The 21st century did not start auspiciously when Ju became seriously ill after attending a journalists' conference on the west coast of Ireland, and she later failed to make a full recovery. After the organizers refused to apologise, Ju successfully took them to a Tribunal where they were found guilty of four counts of discrimination, two of them major, and of personal injury. Ju was the first person to win a case under the clauses of the Disability Discrimination Act (DDA) as they relate to trade unions, and this was despite having to represent herself with the support of volunteers because legal aid is not available for DDA cases. The National Union of Journalists continues to refuse to apologise to her.

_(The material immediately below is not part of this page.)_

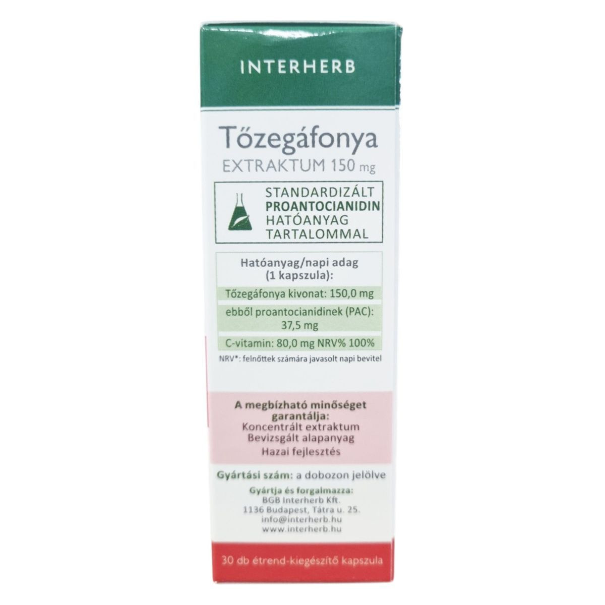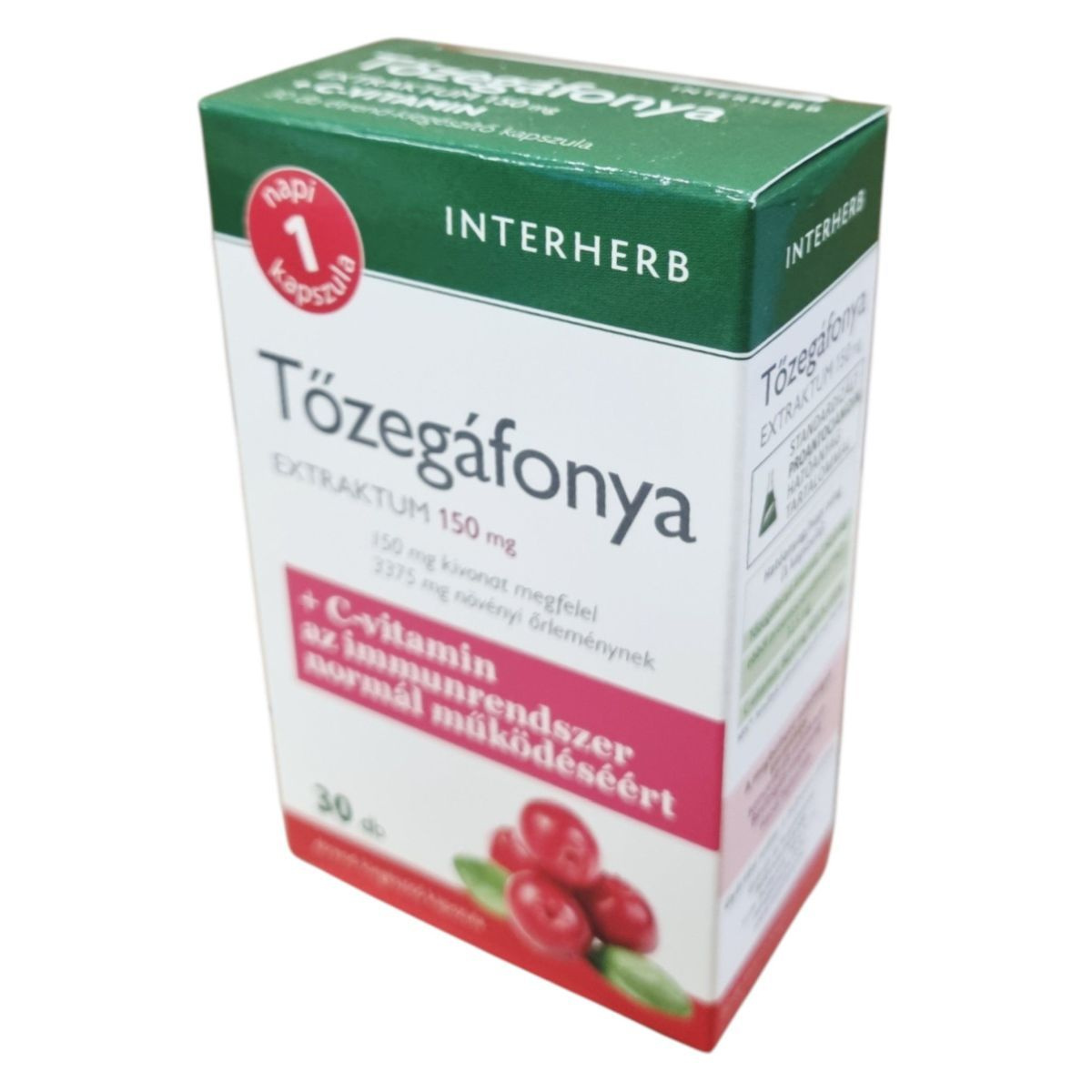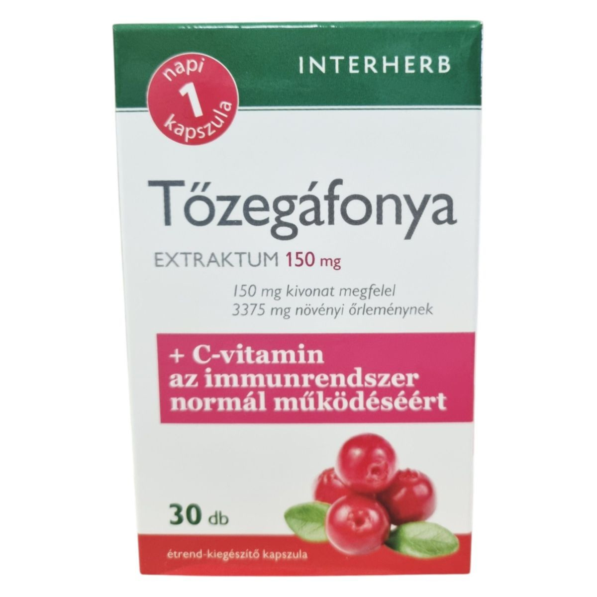 Az INTERHERB Tőzegáfonya EXTRAKTUM 150 mg kapszula amerikai tőzegáfonya kivonatot tartalmaz, amely gazdag antocián típusú flavonoid vegyületekben. A termék C-vitamint is tartalmaz, amely hozzájárulhat az immunrendszer normál működéséhez és a szervezet oxidatív stresszel szembeni védelméhez. A kapszula koncentrált proantocianidin (PAC) hatóanyag-tartalommal rendelkezik, amely 3375 mg tőzegáfonya gyümölcsporának felel meg. A termék megbízható minőségét a koncentrált extraktum, a bevizsgált alapanyag és a hazai fejlesztés garantálja.

Ju's artistic practice is situated within the theories and traditions of the international disability arts movement. She works mainly with digital lens-based media, but also with performance, text and sound. Despite failing her Art A Level, Ju's work has been presented/commissioned/exhibited in the US, Canada, Australia, India, Finland, Austria and Switzerland as well as the UK, with funders including the Arts Council England and the cities of Graz, Zurich, Leicester and Bradford. Her most recent exhibition - Abnormal: Towards a Scientific Model of Disability - opened on 31 January at the National Institute of Medical Research, following an artist's residency funded by the Wellcome Trust. Ju is currently a New Work Network Associate, and is a former Artsadmin Digital Fellow. She continues to be artist in residence at the National Disability Arts Collection and Archive (NDACA) at Holton Lee. Click here to read a full list of exhibitions, commissions etc.

Ju also runs a small-press publishing company, Bettany Press and works as a consultant. In her 'spare' time she co-Chairs the Trade Union Disability Alliance (TUDA), with Caroline Gooding, and Regard, the national LGBT Disabled people's organization, with James Haskings, and enjoys dinghy sailing. She has been based in Newham, East London for more than 20 years, with the exception of the 18 months she spent living in a surfer's community in Cornwall while completing her PhD. She has no gallery representation, but along with her Westie Genie is an Ugly model.